The AIP relays a packet to the wormhole so it can send it to the internet. For more details, see the "Freedom-Cloud-to-Internet packet handling" section.


Table 1: AIP to wormhole commands



Then, the following table describes the commands that wormhole can send to the AIP.


Command

Description

WORMCMD_CMD_SEND

The wormhole relays a packet to the AIP so it can route it to a client through the Freedom cloud. For more details, see the "Internet-to-Freedom-Cloud packet handling" section.

WORMCMD_CMD_MSG

Contains a message concerning the wormhole status. Consult the following table for message types and description.

WORMCMD_CMD_STAT

The wormhole sends it statistics report to the AIP, so they can be relayed to the NISS.


Table 2: Wormhole to AIP commands

The following table indicates the different messages the wormhole can send to the AIP using the WORMCMD_CMD_MSG commands.


Message

Description

WORMCMD_MSG_EACIFULL

No more available ACI connections. (Currently never used)

WORMCMD_MSG_EACIPRESENT

ACI is already active. (Currently never used)

WORMCMD_MSG_EADDACIFAILED

Operation to add an ACI failed.

WORMCMD_MSG_EDELACIFAILED

Operation to delete an ACI failed.

WORMCMD_MSG_EACINOTFOUND

Requested ACI could not be found. (Currently never used)

WORMCMD_MSG_TERMINATING

Wormhole is terminating.


Table 3: Wormhole to AIP messages


The format of a command is illustrated by the following figure. The length field indicates the number of bytes in the command. The length includes everything from the start of the length field to the end of the command specifics. The reserved bytes are unused for the moment. The command specifics contain the data that accompany the command. They vary for different commands and can be absent.

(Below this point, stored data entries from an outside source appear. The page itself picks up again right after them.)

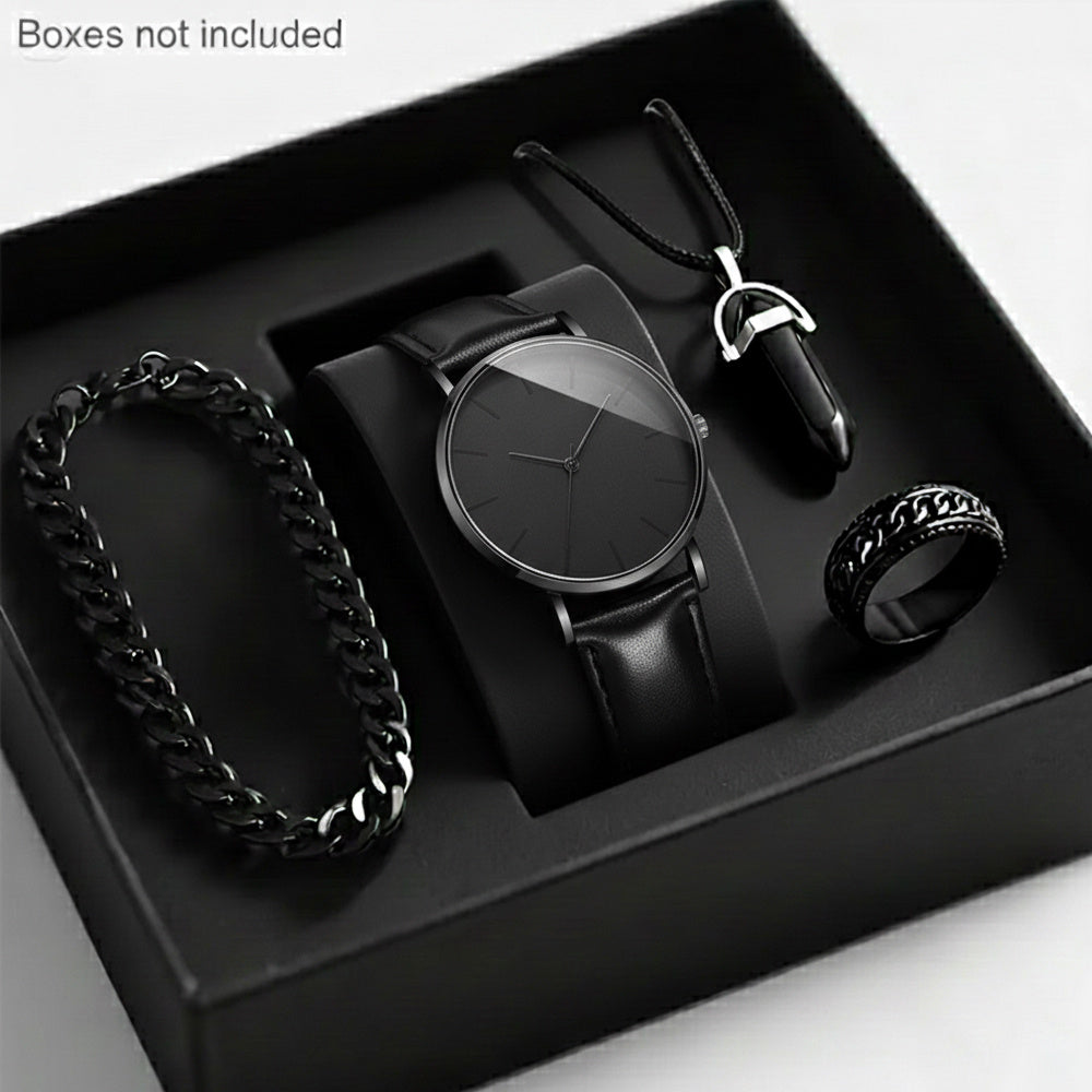 Men'S Luxury Quartz Wristwatch and Jewelry Set | Black Analog Watch with Dual Display, Includes Matching Bracelet, Necklace, and Ring - Ideal for Birthdays, Christmas, Ramadan
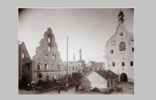 BU: Das Kuchlbaueranwesen am Stadtplatz fiel 1904 einem verheerenden Brand zum Opfer (Foto: Stadtmuseum Abensberg)
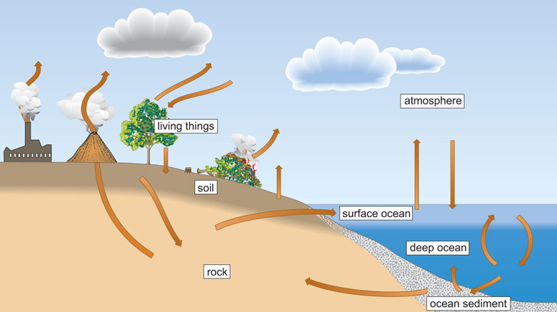 Figure 2 Simple representation of the carbon cycle. All living organisms, not just plants, have structural components that are based on carbon. The pictorial presentation of a carbon cycle illustrates how carbon moves between the reserves found in living things (plants and animals), soil (decomposing organic matter), rocks (including fossil fuels), the atmosphere and the oceans.
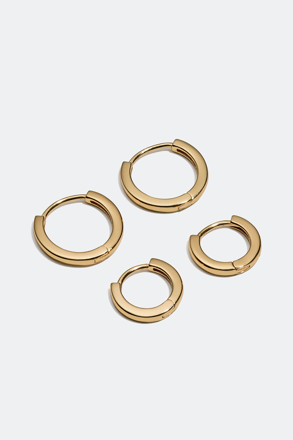 Kaksi paria eri kokoisia korvarenkaita aidosta 18k kullatusta hopeasta. Täydellinen yhdistelmä klassisia korvarenkaita, joita voit käyttää joka päivä joko erikseen tai yhdessä, jos sinulla on useita reikiä korvalehdessäsi.

Figure 8: AIP-wormhole UDS command


Internet-to-Freedom-Cloud packet handling

Two types of packet can be received from the internet: ARP requests and IP packets.


On Linux, the ARP requests are handled by the wormhole while on Solaris, they are handled underneath the stack. Therefore, on Linux, the ARP requests are retreived, encapsulated in an Ethernet frame. First, the target IP address in the ARP request is verified, if it corresponds to the wormhole IP address, an ARP reply is built and sent back. Otherwise, the ARP request is dropped without further processing.


The IP packets are retreived from the shim. The packet can be encapsulated in an Ethernet frame or not, depending on whether it came from the network or the local host. Only the packets carrying TCP or UDP protocol are processed any further, others are discarded. Both TCP and UDP types are processed in the same way except for one difference. For both types, the destination port is used to retreive the corresponding ACI-port mapping. If no mapping is found, the packet is dropped. Otherwise, the destination port and destination address of the packet are replaced with the ones found in the mapping. In the case of a TCP segment, any option present in the header is stripped. If the TCP SYN flag is up, the MSS option is added/replaced by the MSS of the Freedom cloud. Then, the packet size is compared to the Freedom cloud MSS. If it is bigger or if the shim requested it, the packet is fragmented. Once all this processing is done, the resulting packet or fragments are encapsulated into WORMCMD_CMD_SEND command packets and sent to the AIP through the UDS.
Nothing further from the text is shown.